▶ TASK INSTRUCTIONS:
Find the line containing "I looked into" in the material below, then please transcribe it and each line after it exactly, without the pictures.

# # # # #

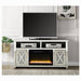 - Brighten up your living space with the Noralie TV stand with a fireplace. In an alluring mirrored and faux diamond finish to showcase your glamourous side. The media shelf has cable management cutouts to keep cables out of sight to preserve the beautiful look of the piece. The touch panel LED fireplace features adjustable temperature control and a timer function.
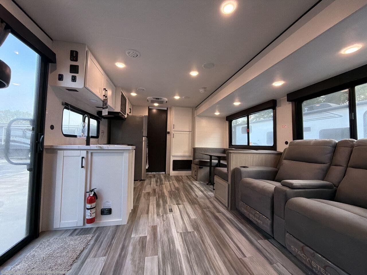 With two private bedrooms, everyone will have a comfortable place to sleep in this travel trailer! The front private bedroom has a 60" x 75" queen bed with wardrobes on either side and the rear private bedroom has a 60" x 80" queen bed slide with a dresser, a wardrobe, one of the exit/entrance doors, and an entrance into the walk-through bathroom which has a radius shower for everyone to stay squeaky clean. The patio doors not only make it easy to enter and exit the unit, but also bring in tons of natural lighting. After you have prepared a delicious home cooked meal, you can can head to the U-shaped dinette to enjoy it there comfortably then relax on the Jack-knife sofa across from the entertainment center!
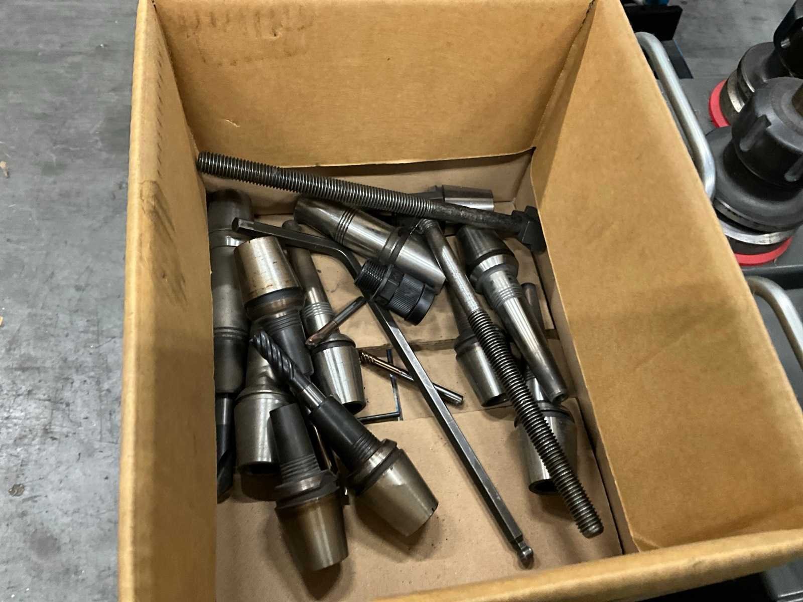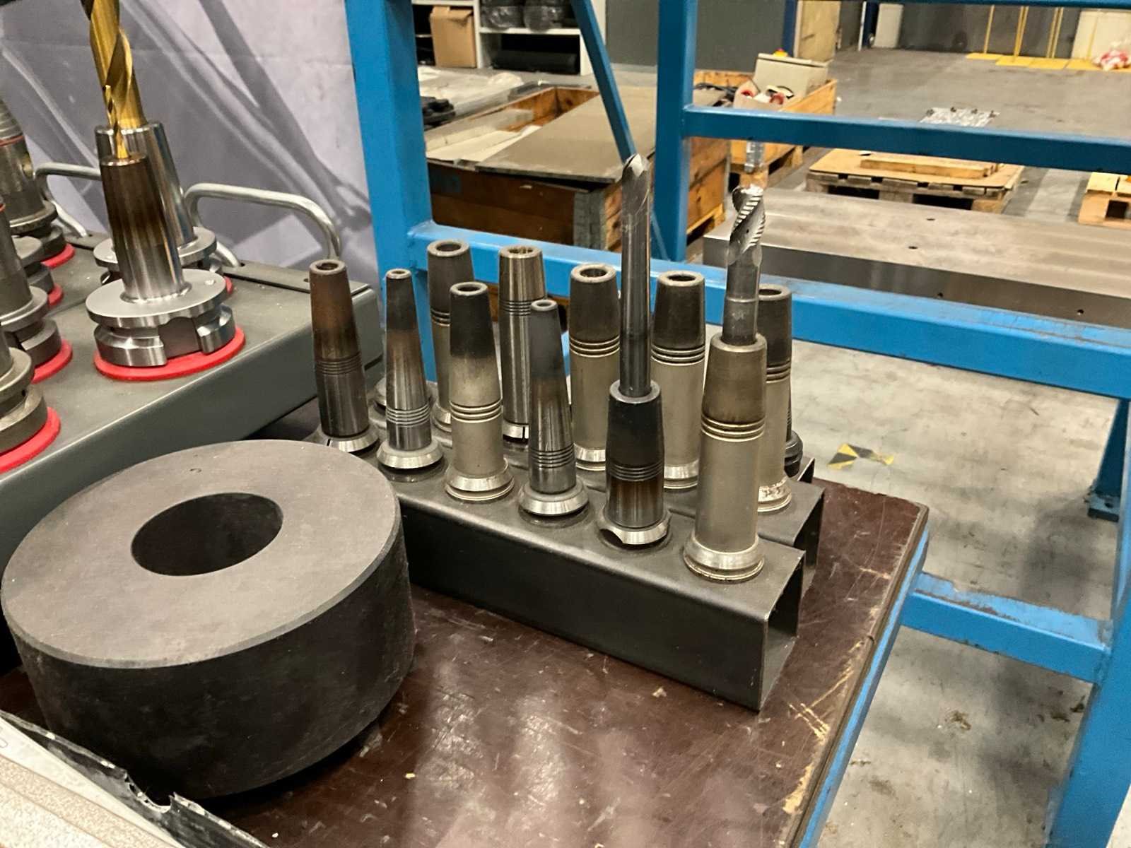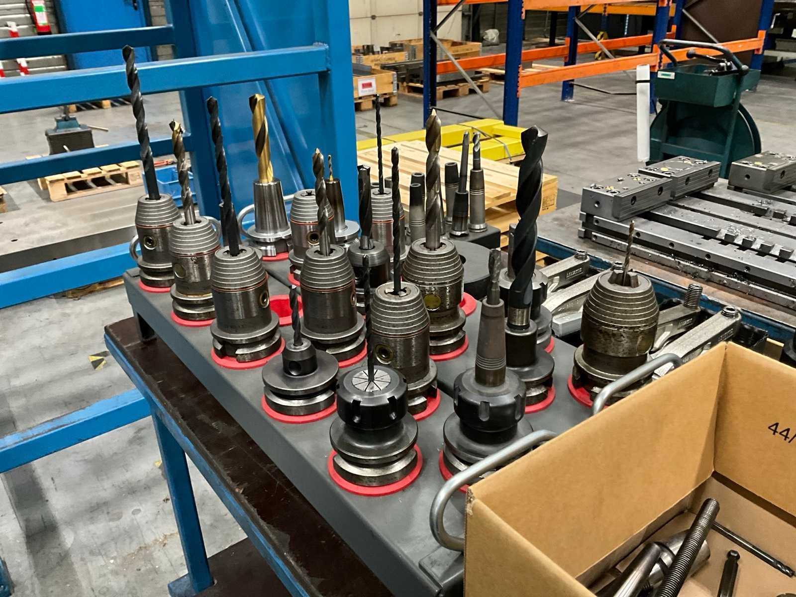 Profielstaal; staal boven en onderblad; inclusief 18 diverse gereedschapshouders BT40; diverse opspangereedschappen; tafel afmeting 900x600x900 mm;
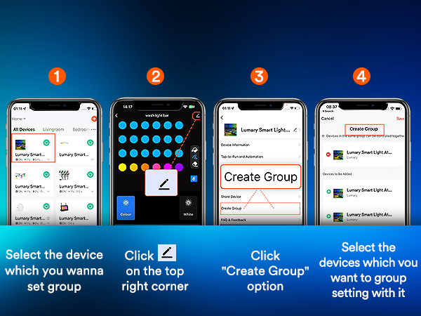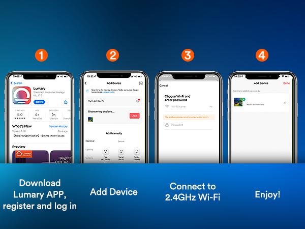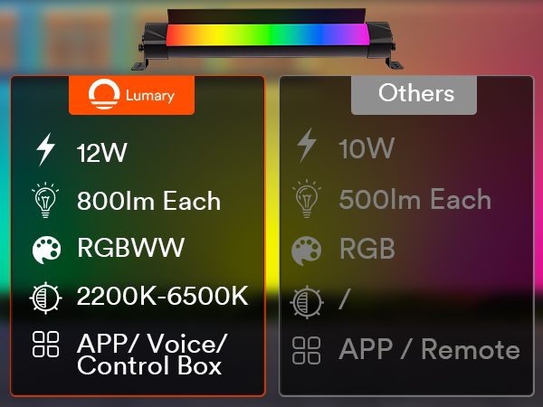 Multiple Control Methods: Control via Lumary app (2.4G Wi-Fi), voice (Alexa, Google Assistant, Siri), or control box. Adjust brightness, color temperature, and create scenes remotely.
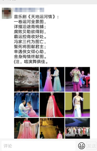 《天地运河情》以收藏于中国国家博物馆的清代名画《潞河督运图》为灵感来源,从国家战略高度重新审视并深刻挖掘了大运河历史文化,历时八年精心打磨,并成功入选2018年度国家艺术基金支持项目和北京文化艺术基金。该剧以大胆又富有创意的艺术表现形式,首次将记录了乾隆年间漕运盛况的《潞河督运图》呈现在舞台上,这也是京杭大运河的开漕节盛况首次从史书中走出来,以舞台化的表现形式与观众见面。
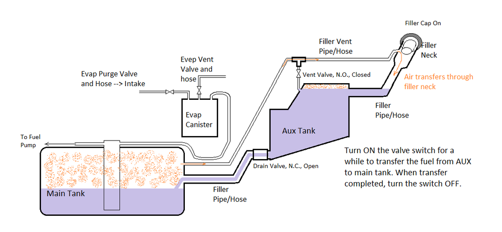 I looked into the gravity feed. I couldn't find a tank that would be oriented in such a way to make it work. Then, every forum I looked at said it was more trouble than it is worth. I can't remember the exact reasons, but it was either that it was slow to feed and drain unless it was situated above the main tank (plus the evap stuff), or that there was a desire to isolate the systems. If you have a tank that can make it work, it would be like running one big OEM tank I guess when connected. You could have a valve on a switch to initiate the feed and still isolate them if you wanted to, but you'd need them to fill separately.
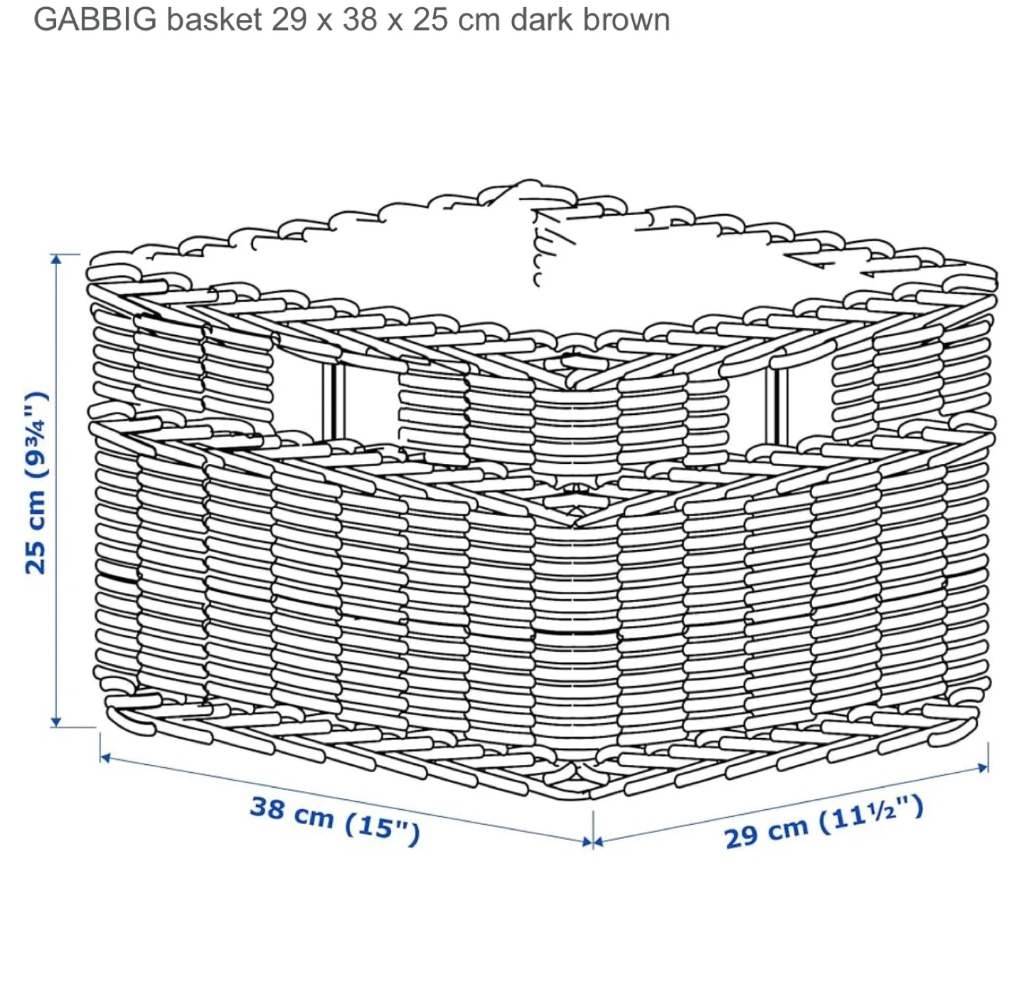 IKEA GABBIG Basket 29 x 38 x 25 cm Dark Brown
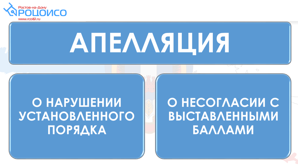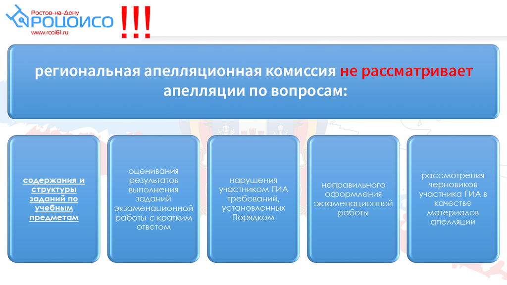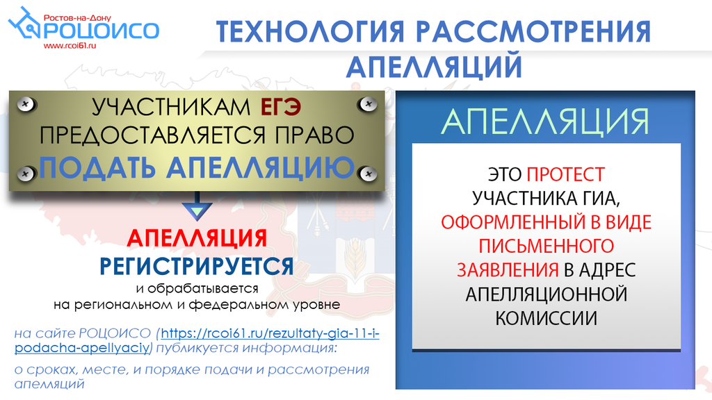 Подробная информация о работе апелляционной комиссии размещена на сайте государственного бюджетного учреждения Ростовской области «Ростовский областной центр обработки информации в сфере образования»
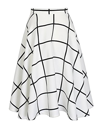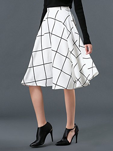 -. Title : Choies Women's White/Blue Plaid P.R.Int High Waist Skater Swing Midi Skirt
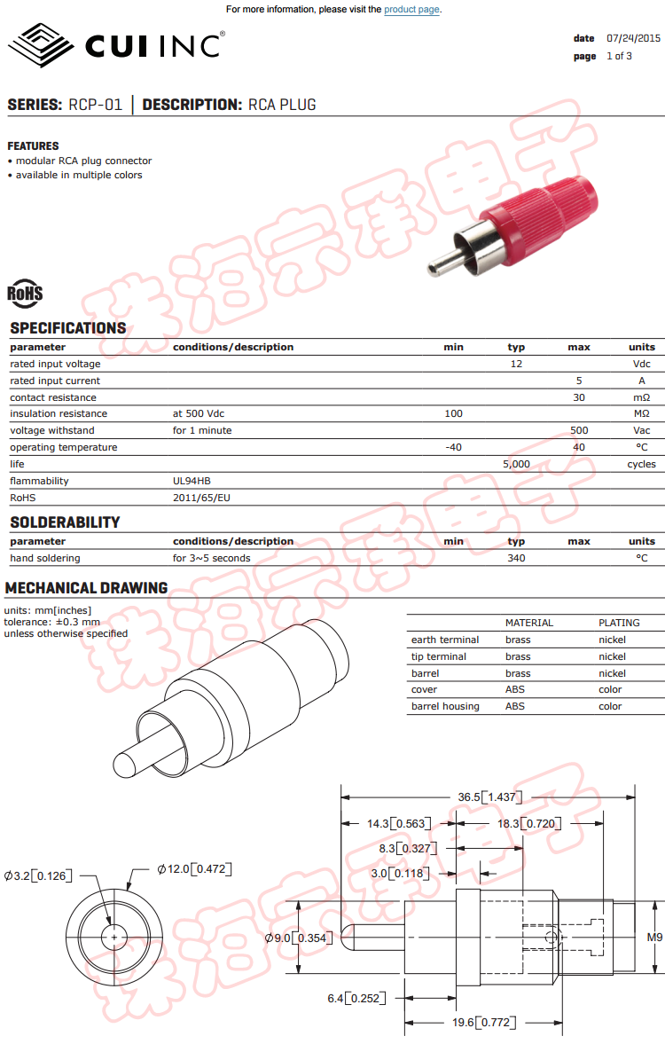 Imported Taiwan black CUI Inc RCA lotus plug audio and video cable RCP-011
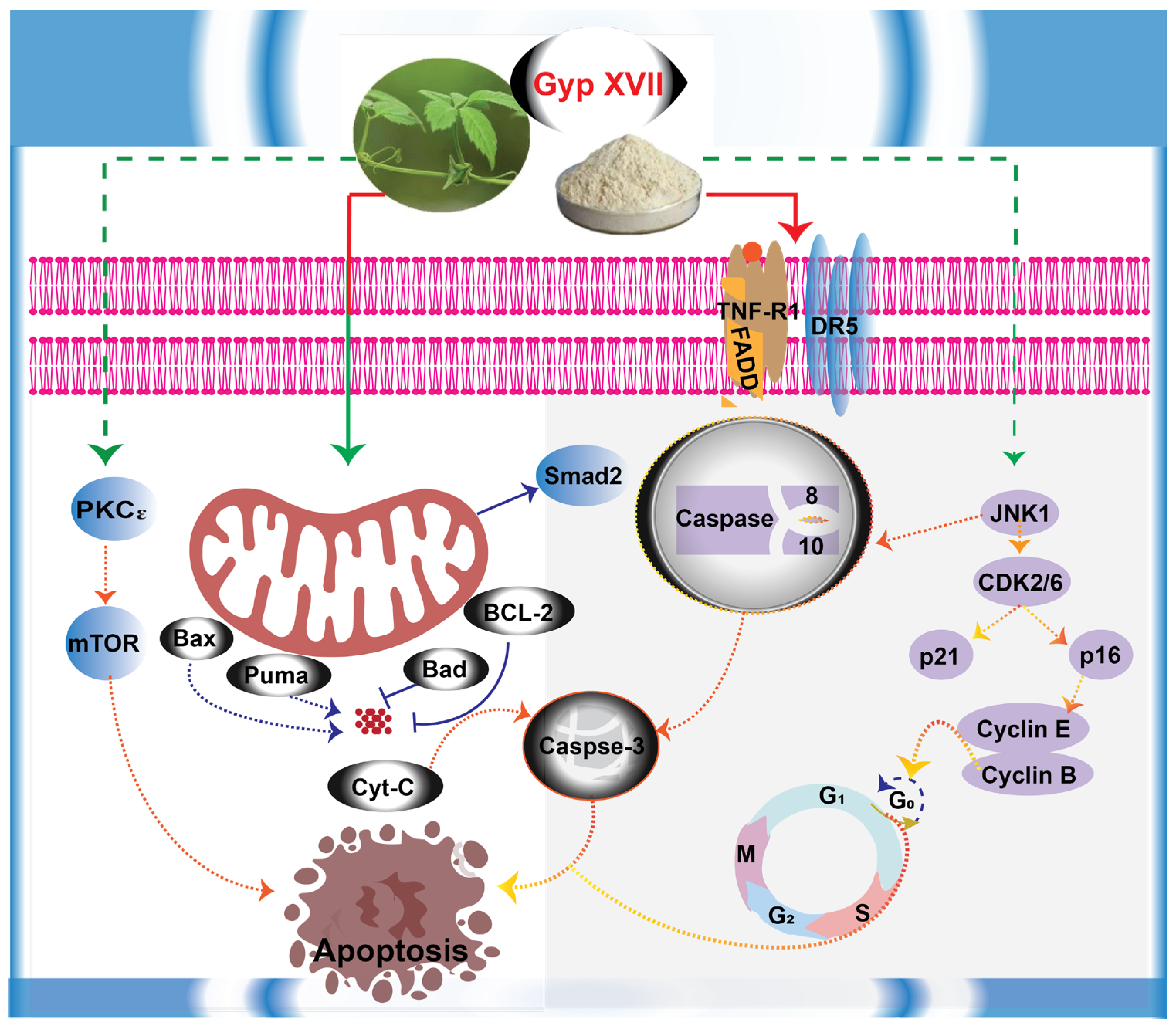 - Ahmad, B.; Khan, S.; Nabi, G.; Gamallat, Y.; Su, P.; Jamalat, Y.; Duan, P.; Yao, L. Natural gypenosides: Targeting cancer through different molecular pathways. Cancer Manag. Res. 2019, 11, 2287–2297. [Google Scholar] [CrossRef] [PubMed]
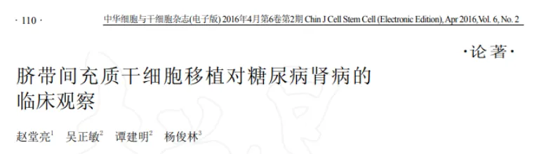 中华细胞与干细胞杂志上的一项研究,对15例高血压伴糖尿病肾病受试者在常规治疗的基础上进行脐带间充质干细胞相关的临床研究;另有15例使用常规治疗(口服抗高血压药物)作为对照组。两组受试者均持续治疗1个月,参加研究前后3个月监测受试者收缩压、舒张压。

# # # # #

▶ EXPECTED ANSWER:
 I looked into the gravity feed. I couldn't find a tank that would be oriented in such a way to make it work. Then, every forum I looked at said it was more trouble than it is worth. I can't remember the exact reasons, but it was either that it was slow to feed and drain unless it was situated above the main tank (plus the evap stuff), or that there was a desire to isolate the systems. If you have a tank that can make it work, it would be like running one big OEM tank I guess when connected. You could have a valve on a switch to initiate the feed and still isolate them if you wanted to, but you'd need them to fill separately.
 IKEA GABBIG Basket 29 x 38 x 25 cm Dark Brown
 Подробная информация о работе апелляционной комиссии размещена на сайте государственного бюджетного учреждения Ростовской области «Ростовский областной центр обработки информации в сфере образования»
 -. Title : Choies Women's White/Blue Plaid P.R.Int High Waist Skater Swing Midi Skirt
 Imported Taiwan black CUI Inc RCA lotus plug audio and video cable RCP-011
 - Ahmad, B.; Khan, S.; Nabi, G.; Gamallat, Y.; Su, P.; Jamalat, Y.; Duan, P.; Yao, L. Natural gypenosides: Targeting cancer through different molecular pathways. Cancer Manag. Res. 2019, 11, 2287–2297. [Google Scholar] [CrossRef] [PubMed]
 中华细胞与干细胞杂志上的一项研究,对15例高血压伴糖尿病肾病受试者在常规治疗的基础上进行脐带间充质干细胞相关的临床研究;另有15例使用常规治疗(口服抗高血压药物)作为对照组。两组受试者均持续治疗1个月,参加研究前后3个月监测受试者收缩压、舒张压。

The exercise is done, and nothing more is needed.